As a mom with two sons in college, I often find myself wondering where they will be a few years from now when they’ve jumped through the last hoop their father and I have set for them.
Reflecting on my own time in college, I remember feeling overwhelmed by the number of choices before me. I was a strong student who loved school and I didn’t know what else I might like or be good at… if anything.
My life was full of possibilities but I only felt fear and confusion. I wished there was another hoop or two! I wanted my parents to tell me what to do next. But they believed it should be my decision and, beyond expecting me to support myself financially, they didn’t guide me. I’ve always wondered if my career arc would have been different if they had involved themselves in my plans, given me a nudge (gentle or not!) in one direction or another.
As a result of my own experience and a TED talk I watched recently, I find myself wanting to be more hands-on with my own children. In her TED talk, Meg Jay, author of The Defining Decade, makes a case for the importance of the 20-something years. She argues that young people can’t afford to wander through their 20s. That’s when they can build what she calls “identity capital” — figure out who they are and what they want to do.

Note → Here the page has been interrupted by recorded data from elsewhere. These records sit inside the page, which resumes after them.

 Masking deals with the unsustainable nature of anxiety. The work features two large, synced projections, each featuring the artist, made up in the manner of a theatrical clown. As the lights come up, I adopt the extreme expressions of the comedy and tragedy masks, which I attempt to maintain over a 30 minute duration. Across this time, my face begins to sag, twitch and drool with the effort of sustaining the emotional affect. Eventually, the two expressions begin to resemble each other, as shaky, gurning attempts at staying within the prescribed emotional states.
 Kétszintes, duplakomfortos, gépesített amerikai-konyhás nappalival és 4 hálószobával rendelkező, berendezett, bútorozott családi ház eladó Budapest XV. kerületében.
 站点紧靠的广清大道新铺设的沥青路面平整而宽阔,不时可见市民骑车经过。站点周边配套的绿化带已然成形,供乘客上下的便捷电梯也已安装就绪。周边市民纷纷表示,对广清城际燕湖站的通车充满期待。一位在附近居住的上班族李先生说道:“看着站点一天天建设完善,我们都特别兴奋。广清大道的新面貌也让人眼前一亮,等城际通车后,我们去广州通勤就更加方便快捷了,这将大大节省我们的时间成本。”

Meg Jay convinced me it might be a mistake to offer no advice, even if unsolicited. So I find myself struggling to strike the right balance between helpful and hovering, between interested and judgmental, between fostering their independence and telling them outright what I think they should do.
My older son — a philosophy major who resists conversations about his future — worries me more than the younger one (who already knows he wants to pursue a PhD). Before college, he spent a gap year in Australia working at a school in the mountains. The last two summers he worked for the Appalachian Mountain Club (AMC), off the grid atop a peak in New Hampshire. He has a great work ethic; his dad and I have no concerns about his ability to get a job and support himself since he’s already done so multiple times.

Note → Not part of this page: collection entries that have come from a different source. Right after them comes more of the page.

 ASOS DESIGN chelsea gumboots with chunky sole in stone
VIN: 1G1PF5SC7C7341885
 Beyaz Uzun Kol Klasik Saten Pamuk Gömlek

Part of me thinks we should leave him alone. If he wants work that lets him travel and be outdoors, shouldn’t we just let him explore?
Recently he mentioned wanting to work a fall season for the AMC and to hike the full Appalachian Trail from Georgia to Maine. It’s not that I don’t want him to pursue these dreams. In fact, I wish I’d done similar things when I was young and that’s why I supported his gap year. But I worry that if he delays trying out some jobs that might lead to a career, it will put him at a disadvantage and lead to major disappointment or frustration down the road when he is 30 and underemployed.

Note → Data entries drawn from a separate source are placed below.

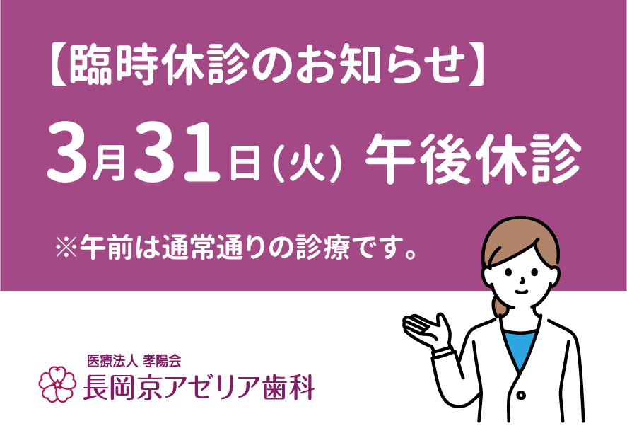 3月31日(火)午後は休診となります。
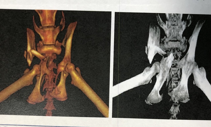 医療センターで改めて骨盤骨折(右腸骨骨折、左恥骨骨折)、左右仙腸関節脱臼と診断されました。後肢は全く動かせない状態で、骨折によって骨盤周辺の臓器を傷つけている可能性もあるため至急手術が必要とのことでした。手術をしても完全に歩けるようになる保証はないこと、合併症のリスク等の説明を受け、手術をお願いしました。
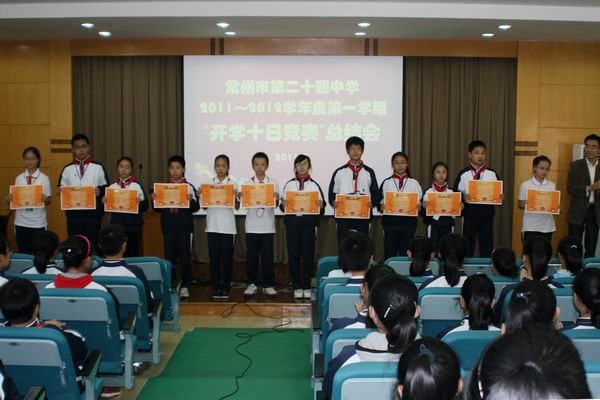 金秋九月,一个崭新的开始。常州市第二十四中学的莘莘学子们又回到了美丽的校园,站在了新学期的起跑线上。为了让大家能赢在起跑线上,学校又一次开展了“十日竞赛”活动。9月21日,“十日竞赛”总结会在学校蓝厅隆重召开。
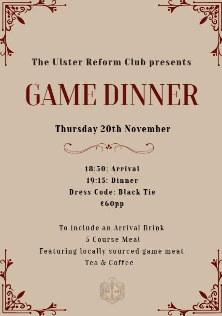Join us for the Annual Game Dinner, a cherished Club tradition featuring the finest local game and seasonal flavours.
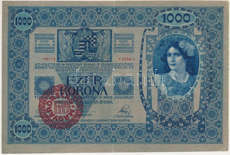 1902. 1000K "1563 34112", piros "MAGYARORSZÁG" fel... https://www.darabanth.com/de/472-Fernauktion/472.0/Numismatik/Ungarische-Banknoten~2000008/1902-1000K-1563-34112-piros-MAGYARORSZAG-felulbelyegzessel-TXF-Adamo-SK35B~II3200931
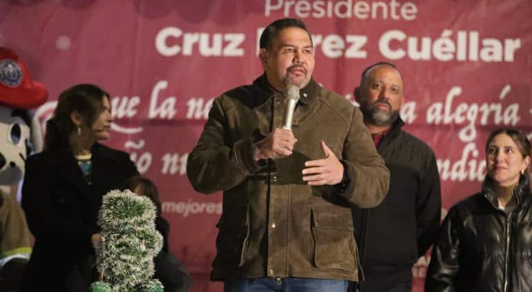 El presidente municipal Cruz Pérez Cuéllar encendió el árbol y luces navideñas en el Parque Borunda, un evento que reunió a familias juarenses en un ambiente festivo.

A friend recently challenged me on my use of the word “underemployed.” If my son chooses to work at a low-wage job that he enjoys but doesn’t offer opportunity for growth or advancement, a job that doesn’t require the college degree he’s worked hard to earn, is that wrong? To me, it is. “To whom much is given, much is expected,” and I expect him to use his education, talents and good fortune.
But when all is said and done? It’s his journey. So I’ll step back and watch, offer advice when it’s asked for, and try to stay quiet when it’s not. I’ll suggest he watch Meg Jay’s TED talk, but I’ll also allow him to ignore me and find his own way.
Pressuring him to pursue a certain path won’t lead him to happiness or satisfaction. It certainly won’t preserve the relationship of mutual respect and love that we have now. And in the end, that’s what matters most.